### DATA SECTION

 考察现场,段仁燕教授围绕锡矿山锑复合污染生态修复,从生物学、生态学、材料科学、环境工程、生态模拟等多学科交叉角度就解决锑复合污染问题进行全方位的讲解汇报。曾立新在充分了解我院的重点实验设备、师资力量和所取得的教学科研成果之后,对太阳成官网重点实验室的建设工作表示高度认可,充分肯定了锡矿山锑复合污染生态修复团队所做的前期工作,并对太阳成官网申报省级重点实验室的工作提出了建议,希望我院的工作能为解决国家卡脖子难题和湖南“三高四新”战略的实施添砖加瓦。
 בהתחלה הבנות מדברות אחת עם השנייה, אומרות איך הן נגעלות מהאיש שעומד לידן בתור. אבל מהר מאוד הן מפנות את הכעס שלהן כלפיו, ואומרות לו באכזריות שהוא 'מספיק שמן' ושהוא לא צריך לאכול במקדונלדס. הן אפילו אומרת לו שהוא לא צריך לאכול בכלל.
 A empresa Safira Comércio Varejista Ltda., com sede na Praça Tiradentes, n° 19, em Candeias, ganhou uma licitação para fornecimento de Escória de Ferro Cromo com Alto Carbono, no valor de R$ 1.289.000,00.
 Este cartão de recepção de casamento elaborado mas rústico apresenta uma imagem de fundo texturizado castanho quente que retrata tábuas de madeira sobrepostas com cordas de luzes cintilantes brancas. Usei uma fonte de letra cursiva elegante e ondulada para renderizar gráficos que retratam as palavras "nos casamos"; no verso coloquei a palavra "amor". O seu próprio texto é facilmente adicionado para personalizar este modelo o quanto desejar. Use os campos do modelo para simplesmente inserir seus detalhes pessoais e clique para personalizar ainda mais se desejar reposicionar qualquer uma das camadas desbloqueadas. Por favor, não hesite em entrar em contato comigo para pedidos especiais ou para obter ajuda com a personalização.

* * *

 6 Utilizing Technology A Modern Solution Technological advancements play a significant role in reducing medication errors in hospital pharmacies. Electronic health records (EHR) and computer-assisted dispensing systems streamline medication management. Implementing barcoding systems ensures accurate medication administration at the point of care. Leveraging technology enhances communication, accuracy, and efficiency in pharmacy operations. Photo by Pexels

==

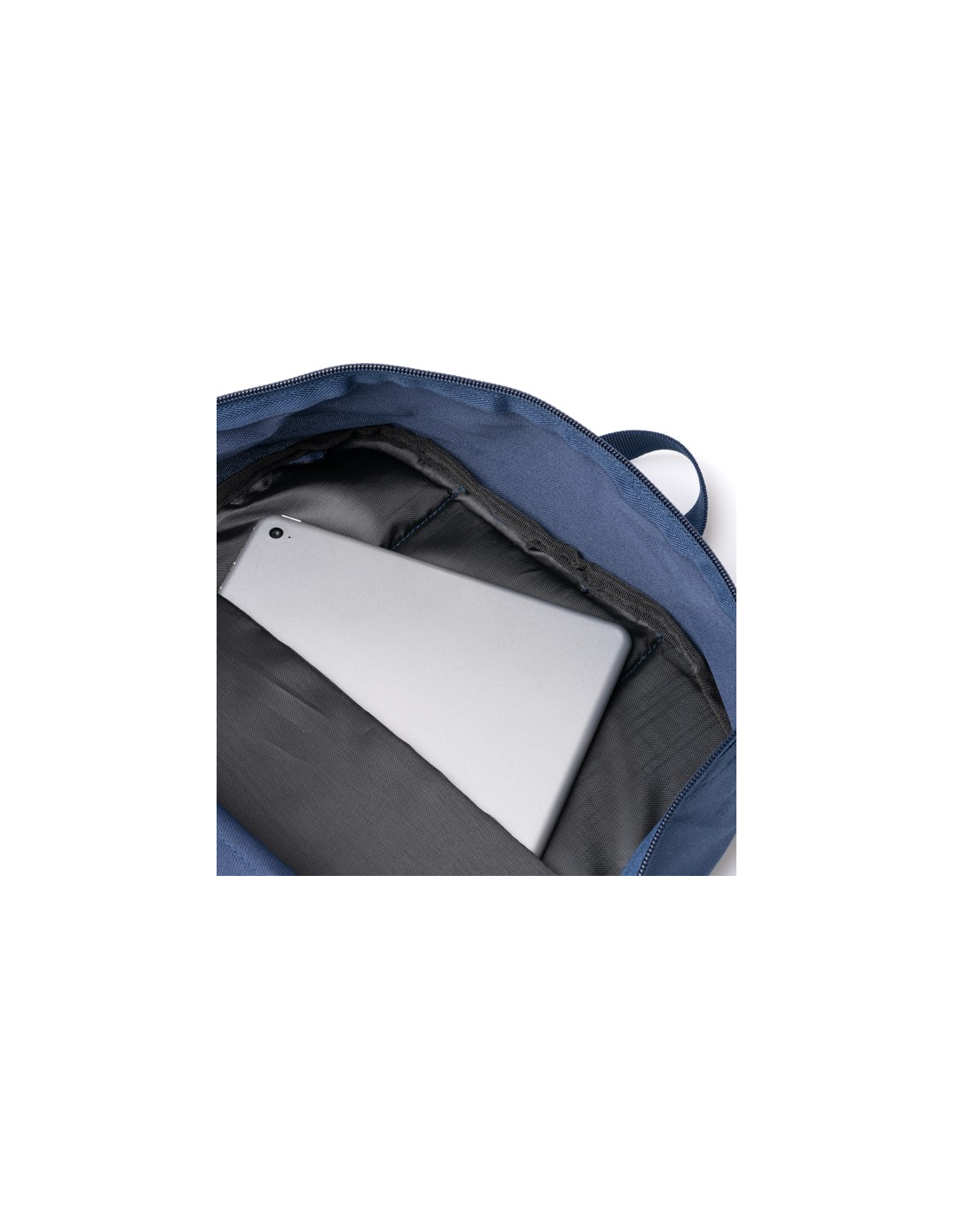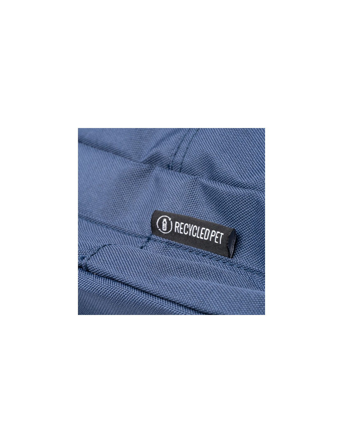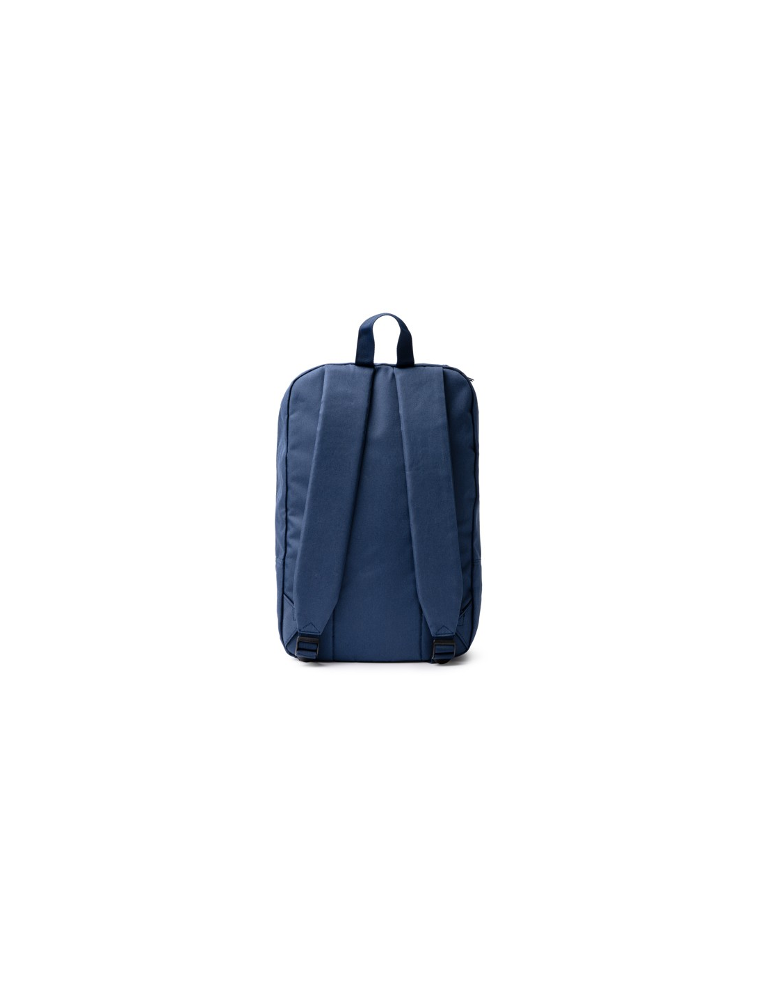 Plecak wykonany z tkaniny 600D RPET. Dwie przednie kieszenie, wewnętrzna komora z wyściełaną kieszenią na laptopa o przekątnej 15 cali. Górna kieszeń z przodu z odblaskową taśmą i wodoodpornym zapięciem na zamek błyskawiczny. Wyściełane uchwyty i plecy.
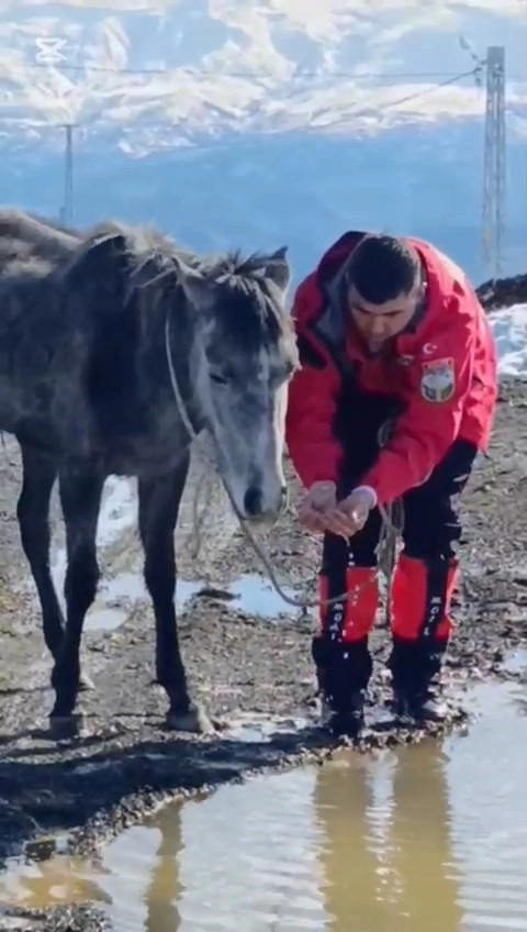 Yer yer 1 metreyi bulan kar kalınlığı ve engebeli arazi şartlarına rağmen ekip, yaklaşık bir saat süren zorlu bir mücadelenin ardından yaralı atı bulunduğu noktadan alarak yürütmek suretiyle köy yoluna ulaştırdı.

### WHAT IS REQUIRED
From the line containing "Plecak wykonany z" through the line containing "Yer yer 1 metreyi", copy every line above exactly, without pictures.

### SOLUTION TO THE PROBLEM
 Plecak wykonany z tkaniny 600D RPET. Dwie przednie kieszenie, wewnętrzna komora z wyściełaną kieszenią na laptopa o przekątnej 15 cali. Górna kieszeń z przodu z odblaskową taśmą i wodoodpornym zapięciem na zamek błyskawiczny. Wyściełane uchwyty i plecy.
 Yer yer 1 metreyi bulan kar kalınlığı ve engebeli arazi şartlarına rağmen ekip, yaklaşık bir saat süren zorlu bir mücadelenin ardından yaralı atı bulunduğu noktadan alarak yürütmek suretiyle köy yoluna ulaştırdı.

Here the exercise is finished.